Hewlett awarded for coverage of McNeair case, government accountability
{Michael Hewlett accepts award at NC News Summit. Photo: Antionette Kerr/Davidson Local}
Michael Hewlett has won the Sunshine Award for Journalism from the N.C. Open Government Coalition for a story on Charles McNeair of Lexington that he wrote for The Assembly, a digital magazine featuring in-depth reporting and writing about North Carolina. Davidson Local reprinted the story, with permission, by The Assembly.
The award was recently presented to Hewlett at the annual N.C. News and Information Summit held at North Carolina Central University.
The Coalition is a nonpartisan group that unites organizations interested in ensuring and enhancing the public’s access to government records and meetings. The Sunshine Award recognizes journalists and news organizations that have effectively used public records to tell stories of significant importance in their communities. In a session with Rebuild Local News, Davidson Local was featured as a small news outlet case study.
For Hewlett, the award recognizes his efforts to use public records law to shine a light on the case of Charles McNeair, a 16- year-old black teenager who pleaded guilty in 1979 to second-degree rape of a 57-year-old white woman after his attorney coerced him to take a life sentence plea deal or risk getting the death penalty in a trial.
In an interview, Hewlett noted North Carolina had already done away with the death penalty for rape at that time.
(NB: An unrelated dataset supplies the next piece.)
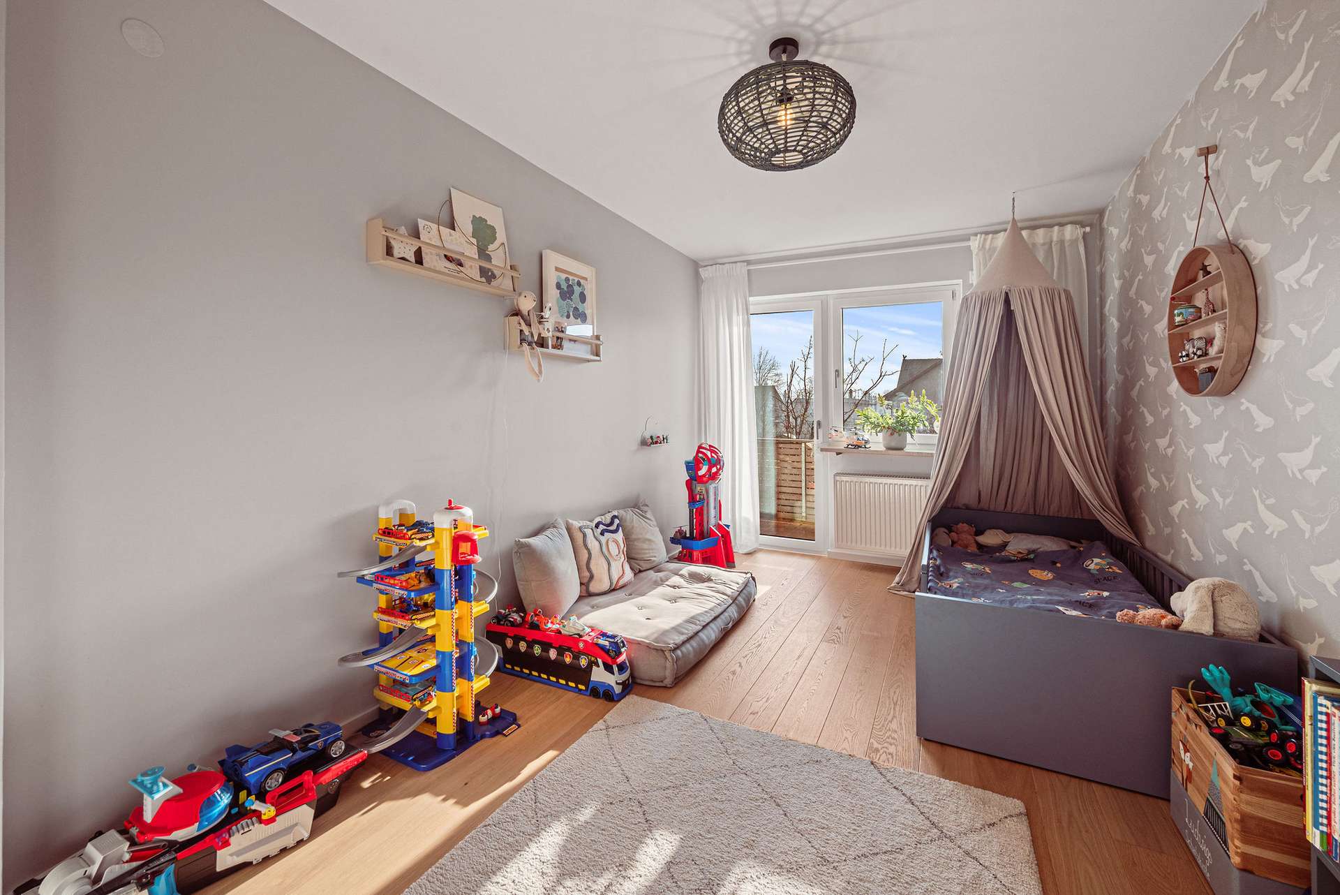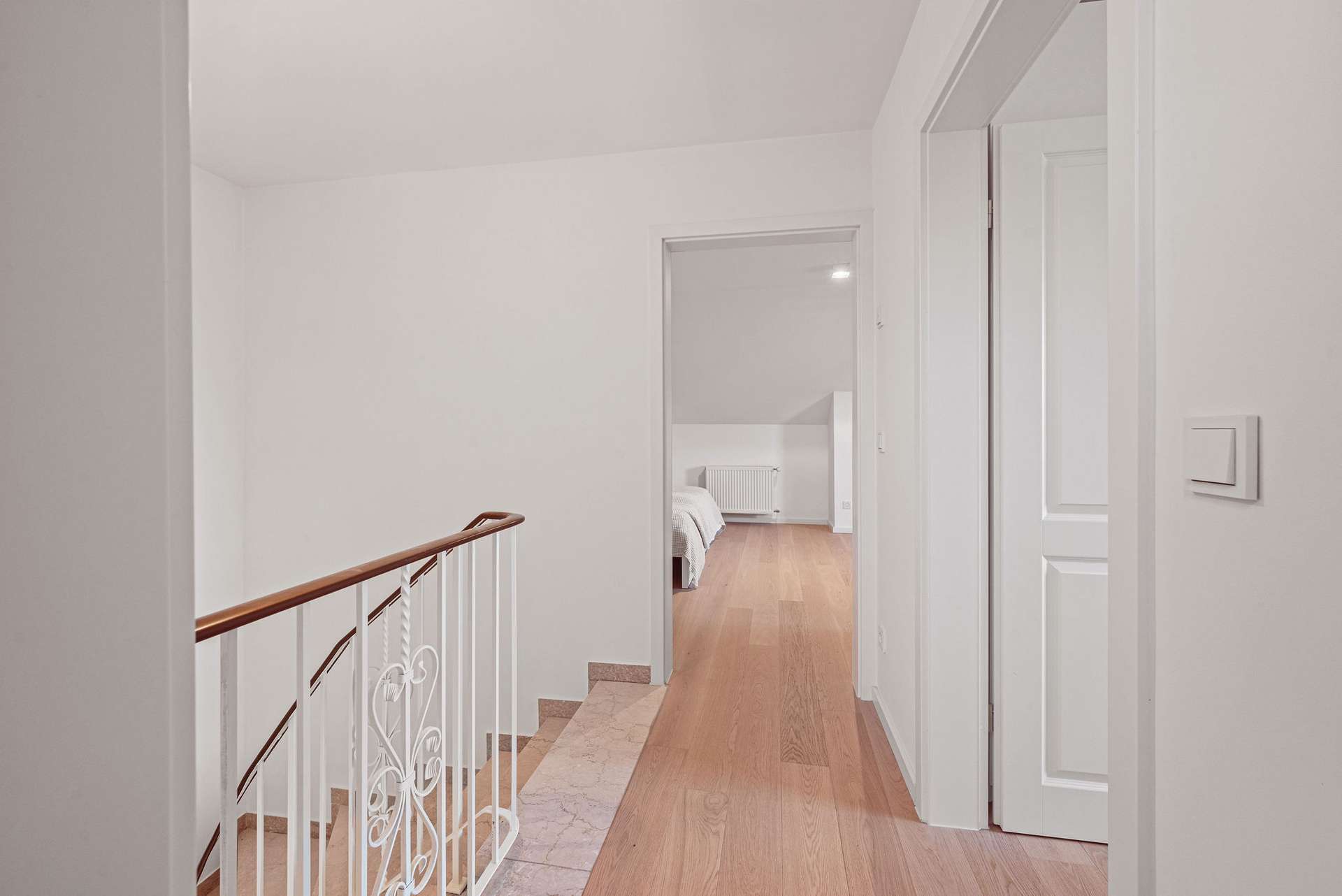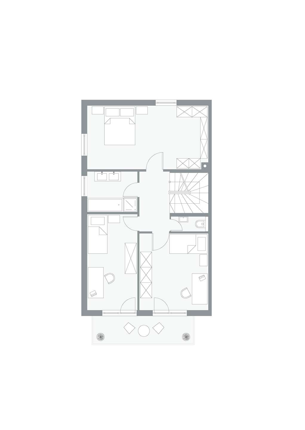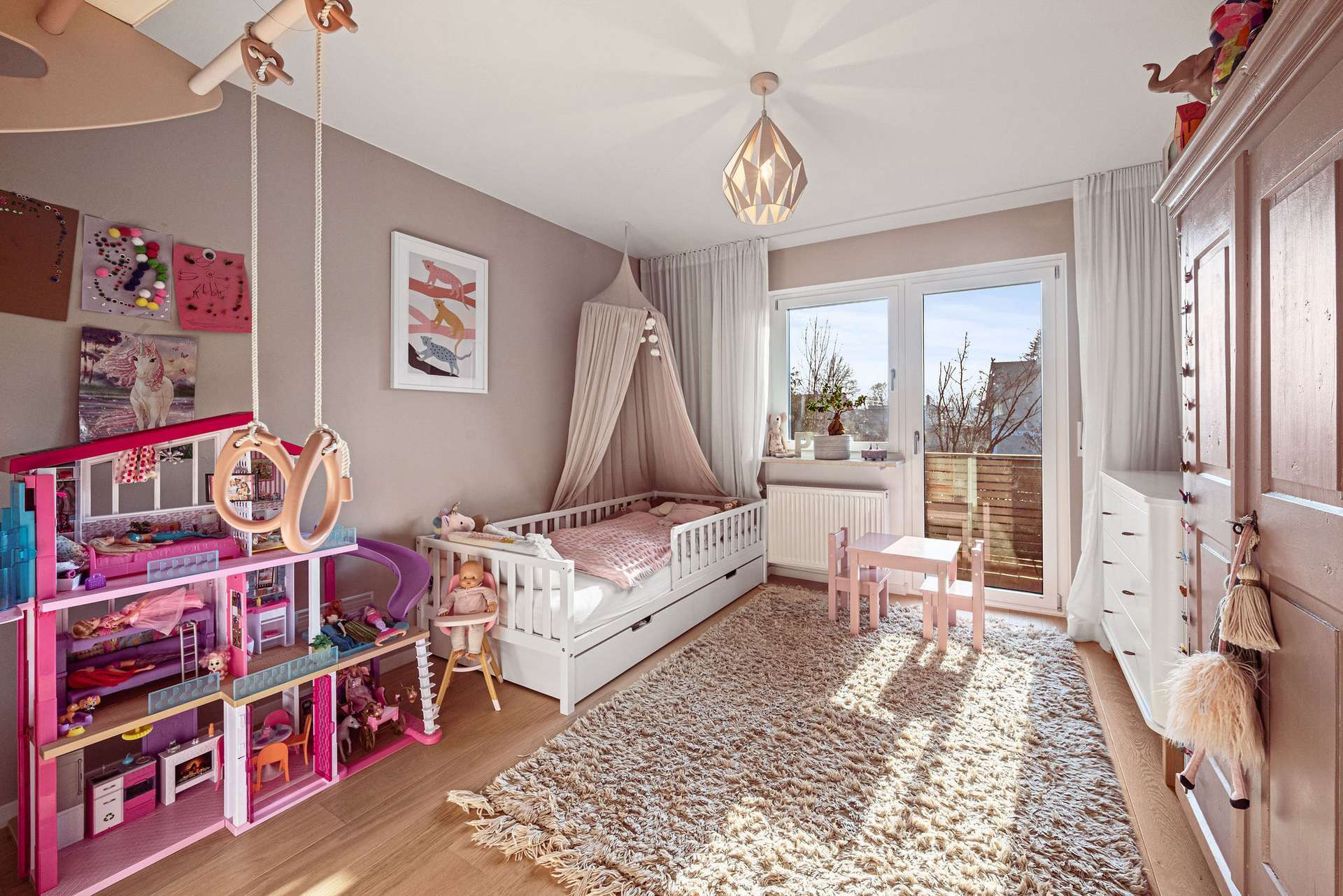 Im Obergeschoss befinden sich ein großzügiges Elternschlafzimmer, zwei Kinderzimmer und ein Tageslichtbadezimmer. Dieses ist mit einer modernen Dusche, Badewanne sowie mit einem Doppelwaschbecken ausgestattet. Besonders praktisch ist das separate WC auf der Etage.

If McNeair took the same plea today — 44 years later — the maximum sentence would be about 10 years, he added.
Hewlett said McNeair has maintained his innocence over the years and said the relationship with the woman was consensual.
Hewlett and The Assembly filed a motion seeking the release of the criminal investigative file from 1979, which could have shed light on what steps the Lexington Police Department took in their investigation, whether they collected a rape kit or if there was any other physical evidence from the scene such as DNA or fingerprints. But the file had been destroyed.
But another motion seeking the release of records related to McNeair being questioned in other criminal cases was granted. In those records, it was discovered that being functionally illiterate at the time, McNeair signed statements he couldn’t read. In fact, in another case in which he was questioned his statement was written in cursive but he only printed his name, “which led me to believe the police wrote it,” Hewlett said.
Hewlett’s in-depth story about McNeair also puts the case in the context of systemic racism in the local law enforcement and legal system at the time.
The story notes that a local group of McNeair supporters have lobbied Gov. Roy Cooper’s office to draw attention to McNeair’s clemency petition, which was filed in September 2022. Cooper has until the end of his term in December of this year to consider granting clemency.
Hewlett said the idea for the story was suggested to him by Phoebe Zerwick, his former editor at the Winston-Salem Journal and now director of the journalism program at Wake Forest University. She is also the author of “Beyond Innocence: The Life Sentence of Darryl Hunt,” a book about a 19-year-old black teen wrongly accused of rape and murder of a white woman in 1984 who was finally exonerated and released from prison in February 2004 after DNA testing was ordered in his appeal in 2003.
Zerwick had previously written an eight-part series exposing the systemic racism in the legal system in the case for the Journal titled “Murder, Race, Justice: The State vs. Darryl Hunt.” Zerwick said there were similarities in the two cases.
Before joining the staff of The Assembly as a criminal justice reporter about a year ago, Hewlett was a reporter for 20 years with the Winston-Salem Journal, primarily covering local government, criminal justice, and education as well as some feature stories on pop culture. He covered news in Davidson and Davie counties for a couple of those years.